RECORD EXCERPTS |
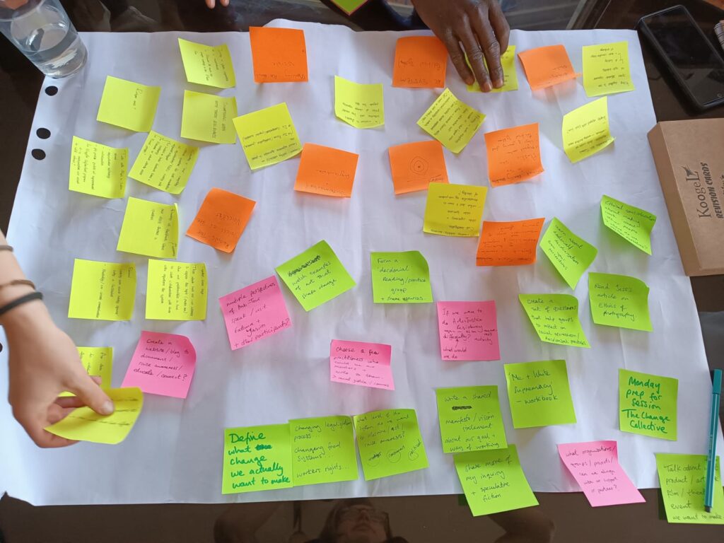 Over many years we did social actions with the migrant community working in the greenhouses in Almeria. We organised trips to the beach for families. And shared meals for women who wanted to campaign about their workers rights. Friends of La Bolina donated second hand clothes and bikes. This led to sustained embodied research on micro/macro rupture in sites of systemic harm.
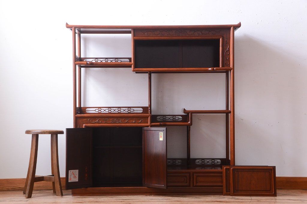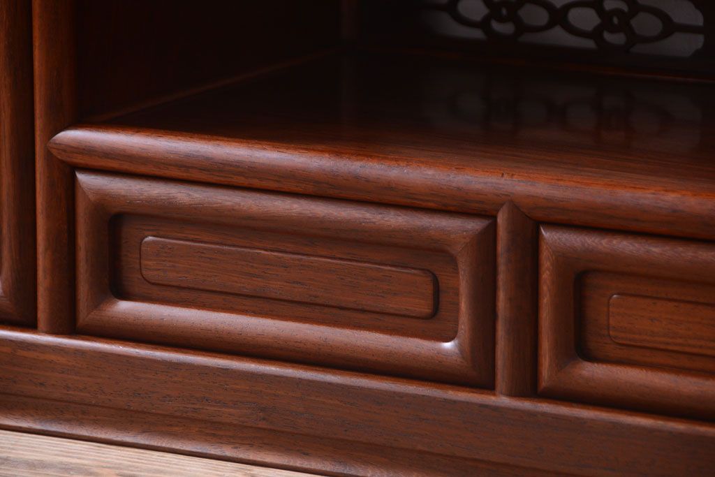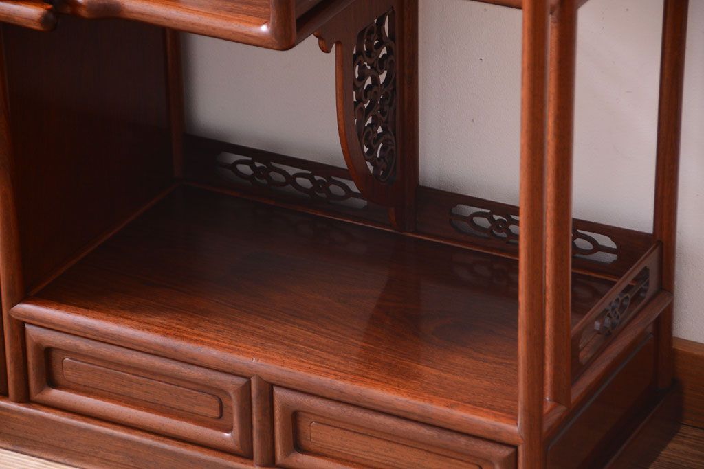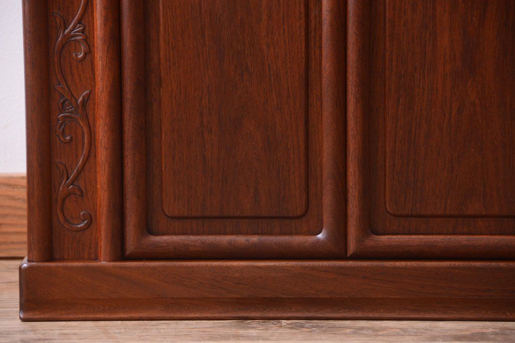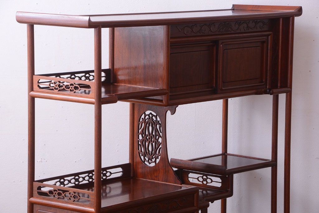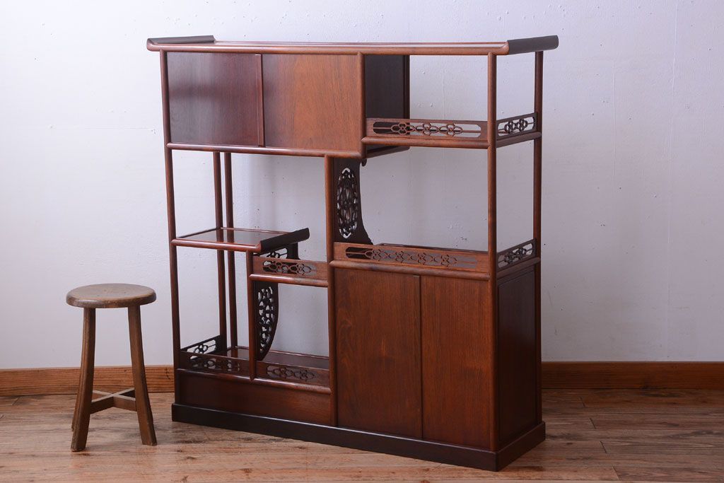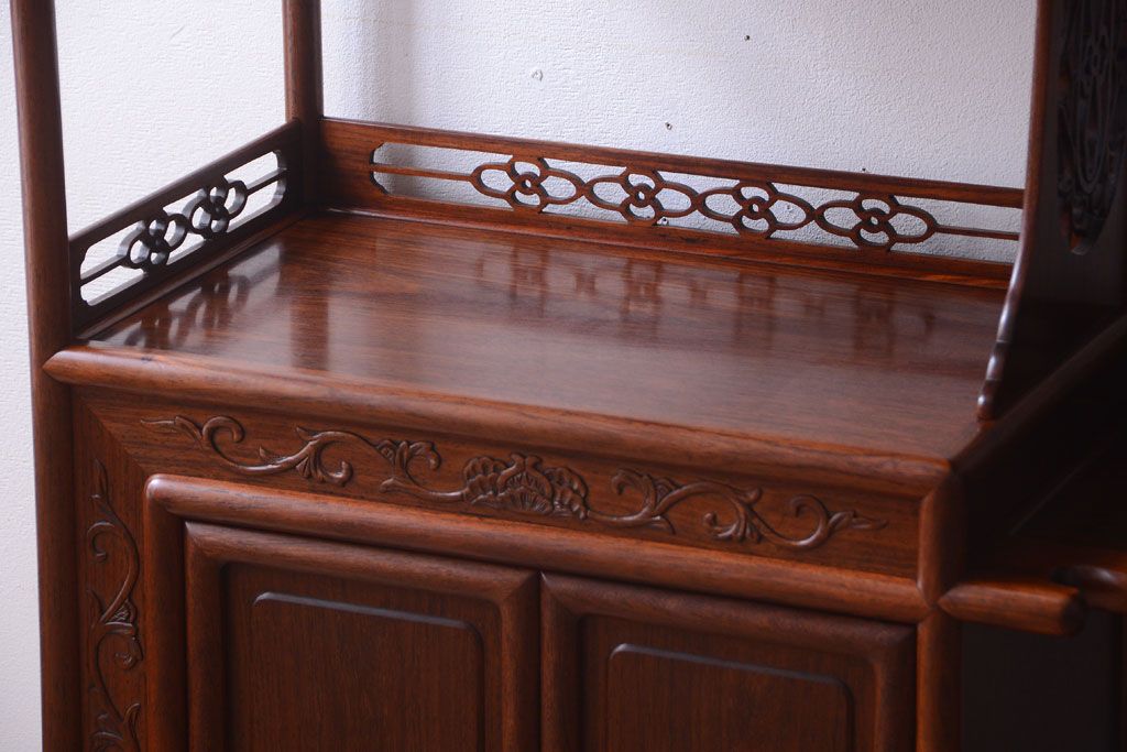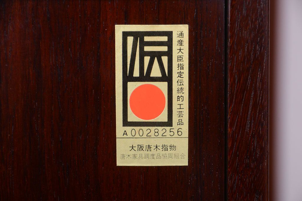 ラフジュ工房> キャビネット・戸棚> 食器棚・カップボード > アンティーク家具 在銘 通産大臣指定伝統的工芸品 大阪唐木指物 山下雄伴作 茶棚
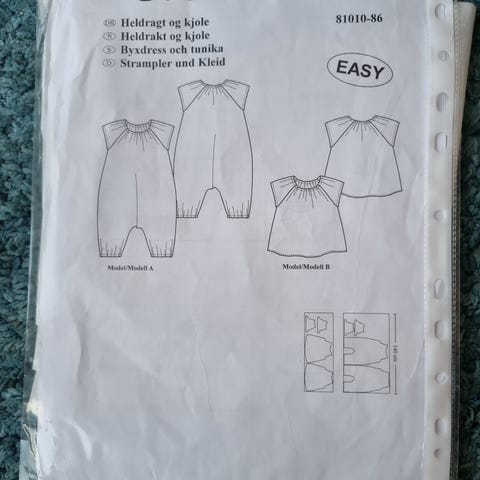 Symønster til babyklær som inkluderer kjole og heldrakt. Str 92. Fra stoff og stil.
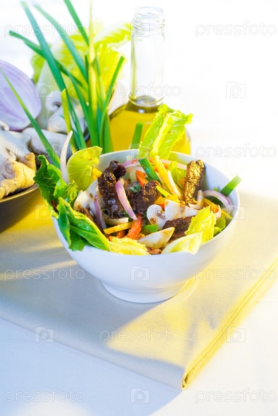 Свежий яркий тайский салат на тарелке крупным планом
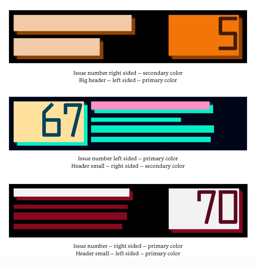 The issue number box and header can be left or right-sided.
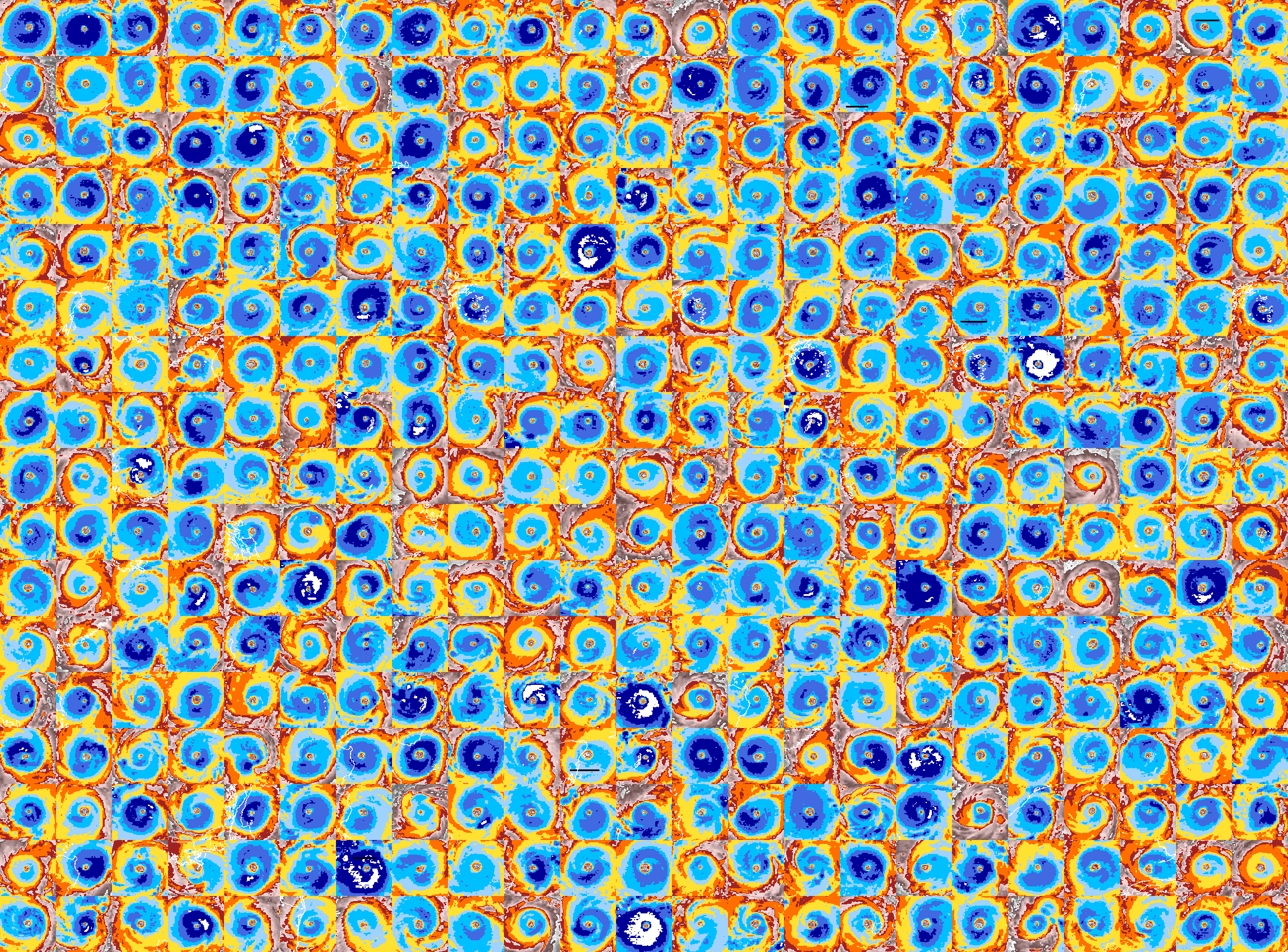 This is a grid of images of the storms from Cyclone Center that was produced by one of the scientists on the project. I find it strangely beautiful. Click the image for a poster-sized version that you can print out and use to cheer up your office (or bedroom, or fridge, or print out enough to completely wallpaper your entire house with it), as I have done, and try out the project now at www.cyclonecenter.org
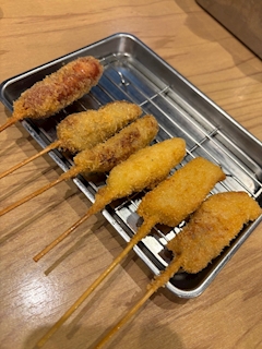 やほ! まいです😌😌 大阪の夜ご飯で二軒目に行った串カツ屋さん! 串カツだるまに行ってきた!! もうこの写真見て何頼んだか覚えていません🤗 ササミと豚と何頼んだんだろう、、 この写真じゃないけど玉ねぎとかナスとかの 野菜たくさん頼んだ!!🧅🍆 やっぱ野菜の串カツめっちゃ好きなの🥹🩷 お肉は少しでいい👍🏻笑 やっぱ本場の串カツは美味しいですなあ じゃ! またね!
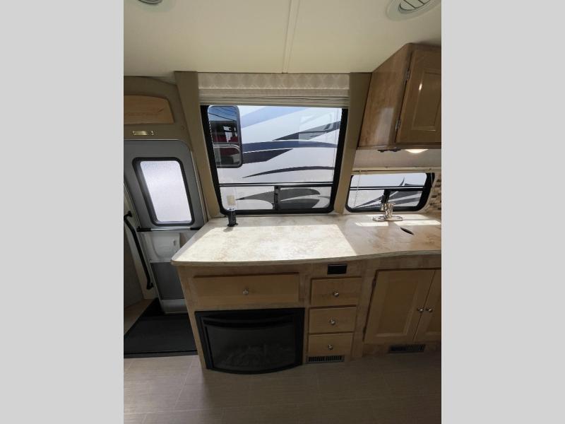 Step inside this Concord 300DS Ford motorhome for a spacious and relaxing trip to your local state park or even across the country. The large slide out in the living area allows everyone to stretch out and here you'll find a u-shaped dinette and a sofa that can both be converted to additional sleeping space, which allows this unit to sleep six people comfortably. After traveling to your destination all day, the chef of the family can prepare a meal on the three burner cooktop while the kids watch a movie on the 32" TV! Mom and dad will love the walk-through bath that leads to the rear private bedroom with a slide out queen bed for a great night's rest.
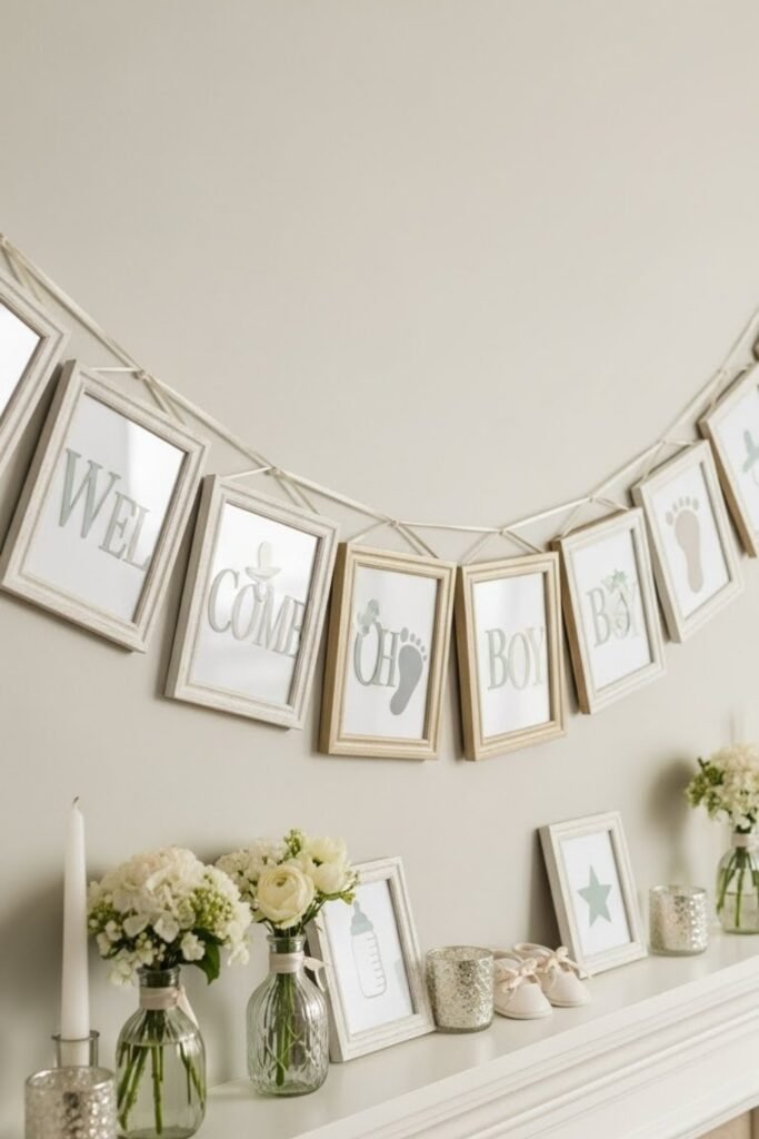 Create a banner made of small panels that tell a simple story—parents’ journey, baby milestones, or sweet phrases leading to “Welcome Baby.” Each panel adds curiosity as guests read along.

ACTIVITY | Copy the data exactly. Pictures do not belong in the copy.

OUTPUT OF THE TASK |
 Over many years we did social actions with the migrant community working in the greenhouses in Almeria. We organised trips to the beach for families. And shared meals for women who wanted to campaign about their workers rights. Friends of La Bolina donated second hand clothes and bikes. This led to sustained embodied research on micro/macro rupture in sites of systemic harm.
 ラフジュ工房> キャビネット・戸棚> 食器棚・カップボード > アンティーク家具 在銘 通産大臣指定伝統的工芸品 大阪唐木指物 山下雄伴作 茶棚
 Symønster til babyklær som inkluderer kjole og heldrakt. Str 92. Fra stoff og stil.
 Свежий яркий тайский салат на тарелке крупным планом
 The issue number box and header can be left or right-sided.
 This is a grid of images of the storms from Cyclone Center that was produced by one of the scientists on the project. I find it strangely beautiful. Click the image for a poster-sized version that you can print out and use to cheer up your office (or bedroom, or fridge, or print out enough to completely wallpaper your entire house with it), as I have done, and try out the project now at www.cyclonecenter.org
 やほ! まいです😌😌 大阪の夜ご飯で二軒目に行った串カツ屋さん! 串カツだるまに行ってきた!! もうこの写真見て何頼んだか覚えていません🤗 ササミと豚と何頼んだんだろう、、 この写真じゃないけど玉ねぎとかナスとかの 野菜たくさん頼んだ!!🧅🍆 やっぱ野菜の串カツめっちゃ好きなの🥹🩷 お肉は少しでいい👍🏻笑 やっぱ本場の串カツは美味しいですなあ じゃ! またね!
 Step inside this Concord 300DS Ford motorhome for a spacious and relaxing trip to your local state park or even across the country. The large slide out in the living area allows everyone to stretch out and here you'll find a u-shaped dinette and a sofa that can both be converted to additional sleeping space, which allows this unit to sleep six people comfortably. After traveling to your destination all day, the chef of the family can prepare a meal on the three burner cooktop while the kids watch a movie on the 32" TV! Mom and dad will love the walk-through bath that leads to the rear private bedroom with a slide out queen bed for a great night's rest.
 Create a banner made of small panels that tell a simple story—parents’ journey, baby milestones, or sweet phrases leading to “Welcome Baby.” Each panel adds curiosity as guests read along.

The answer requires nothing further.